Disclaiming IRA and HSA Assets
By Chad Neumann, CIS, CISP, CIP, CHSP
We have an IRA owner who died and his spouse and two children are the primary beneficiaries of the IRA. The children want the IRA assets to go to the spouse. How can they do this?
This can be done through an IRA disclaimer. A beneficiary who is entitled to receive death benefits from an IRA can file a disclaimer with the financial organization renouncing all or a portion of the beneficiary’s interest in the IRA. In such a case, the disclaimed assets pass as if the disclaiming beneficiary had not been named a beneficiary.

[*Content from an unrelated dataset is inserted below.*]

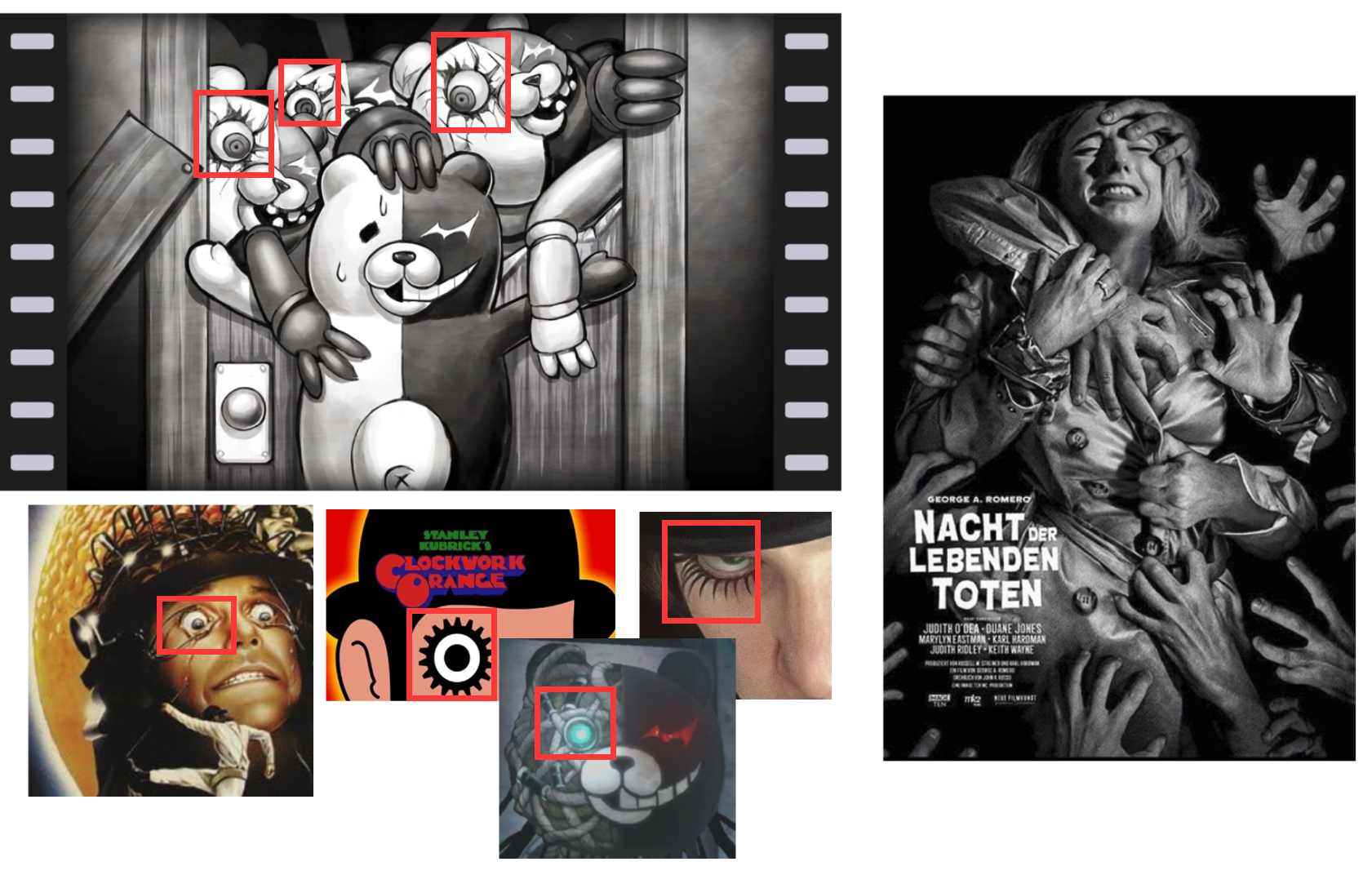 ——但cg却使用了非常明确的【左眼凸出】、延伸像【发条橙男主作恶期左眼妆造】的【裂缝】。而黑白熊之母也是【左半侧的脸部剥离】。

A disclaimer, however, cannot be used to steer the death benefits to a selected person. This means that the disclaiming beneficiary is treated as if she does not exist and the financial organization moves forward with any remaining beneficiaries. In your scenario, this means that if both children disclaim their interest in the death benefits, the spouse as the sole remaining primary beneficiary would receive 100 percent of the assets.
To file a disclaimer, the beneficiary must provide a written, irrevocable refusal to accept interest in the property within nine months of the IRA owner’s death (or within nine months of the beneficiary turning age 21). Before filing the disclaimer, the beneficiary cannot have already accepted any portion of the assets that are being disclaimed.
We have an HSA owner who passed away and named his son as the primary beneficiary and his second wife as the contingent beneficiary. I know that with an HSA, the assets are deemed distributed to a nonspouse beneficiary upon the HSA owner’s death, so can he still disclaim the assets he would receive as a beneficiary?
Internal Revenue Code Section 25.2518-2(d)(1) states “merely taking delivery of an instrument of title, without more, does not constitute acceptance. Moreover, a disclaimant is not considered to have accepted property merely because under applicable local law title to the property vests immediately in the disclaimant upon the death of a decedent.”
Because the nonspouse beneficiary has not claimed his share of the assets as a beneficiary, he still retains the right to disclaim the assets. Based on your scenario, the primary beneficiary could disclaim the assets, and the spouse as the only contingent beneficiary would then receive all the assets.
The same rule would apply to a spouse primary beneficiary. The HSA is deemed to belong to the spouse upon the death of the HSA owner. The spouse still retains the right to disclaim interest in the HSA, as long as the other disclaimer rules have been met.